Une occasion pour l’Europe de peser sur la destinée du monde
Un changement de paradigme pourrait donc passer par une offensive européenne en matière de lutte contre le changement climatique, et donc le “Green Deal” d’Ursula von der Leyen. “La sécurité climatique est devenue une dimension majeure de la géopolitique et de la géo-économie. Avec cet accord, l’UE devrait devenir une leader de la coopération internationale pour la protection de l’environnement”, a par exemple salué Pascal Lamy, l’ancien directeur général de l’Organisation mondiale du commerce, après la présentation du plan de l’UE.
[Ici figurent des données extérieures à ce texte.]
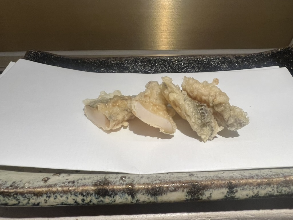 3 starters then about 18 servings of tempura and a few dishes before dessert and add-ons. I added giant oyster, karasumi, megochi, and kisu.
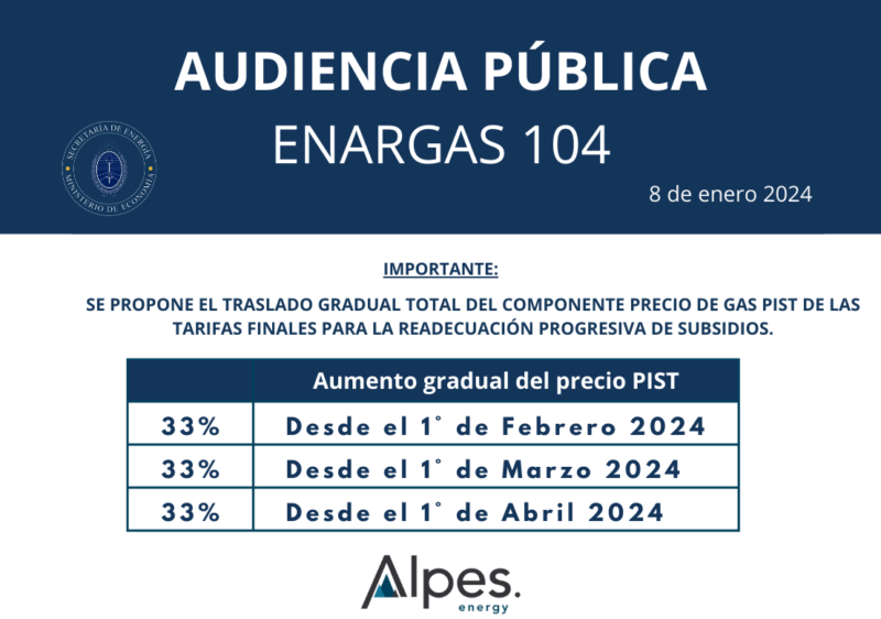 El ministro propone el traslado gradual del precio real del Gas Natural en el PIST (Punto de Ingreso al Sistema de Transporte), con quitas de subsidios y actualización de las tarifas para todos los usuarios con servicio completo de la distribuidora. Esta actualización se empezará a ver reflejada en las facturas de Gas Natural a partir de febrero.
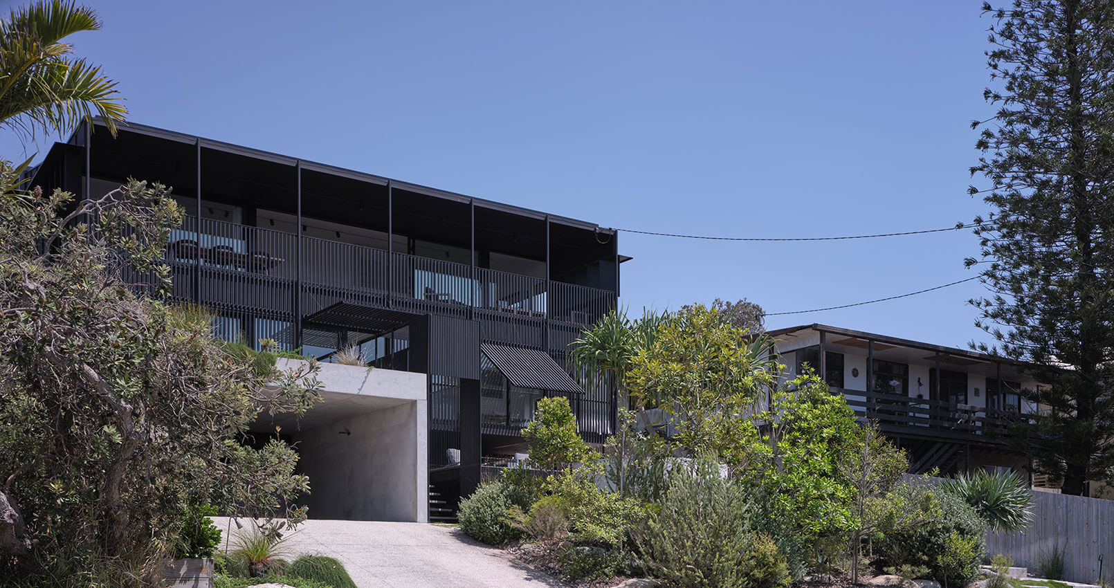 The principal structure adopts the language and rhythm of the neighbouring vernacular beach house.
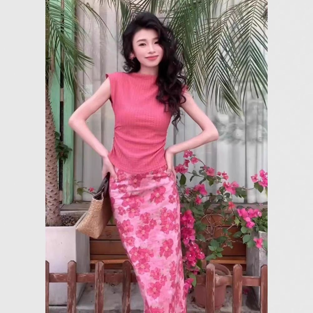 茶休キキョウフランス高級感ヘボン風赤い花のワンピースの春の服の女性2025年の新型のロングスカート

Si plusieurs ONG ont dénoncé un “Green Deal” pas assez ambitieux, c’est en tout cas le seul pas en avant d’un des grands pollueurs de la planète qui a été fait à l’occasion de la COP25.
Le président du Conseil européen Charles Michel a annoncé dans la nuit de jeudi à vendredi un “accord sur la neutralité carbone d’ici 2050” des Etats membres, même si c’est sans la Pologne qui a refusé de s’engager.
Charles Michel a salué un “signal très fort” lancé par l’Europe au lendemain de la présentation du Pacte vert européen. Pour Laurence Tubiana, directrice de la Fondation européenne pour le climat et ancienne ambassadrice de la COP21, “c’est le feu vert pour s’aligner avec d’autres grandes économies sur la réalisation des objectifs de l’Accord de Paris et pour travailler avec d’autres pays du monde entier afin de parvenir à des résultats solides et à des plans sérieux au sommet UE-Chine et à la COP26”.
Mais si le Green Deal a peut-être sorti la COP25 de sa torpeur, reste à voir si le plan sera bien voté en mars, si les objectifs climatiques européens seront bien relevés (et suffisamment) dès l’été. Et, surtout, si l’Europe arrivera à entraîner derrière elle les autres pays les plus pollueurs.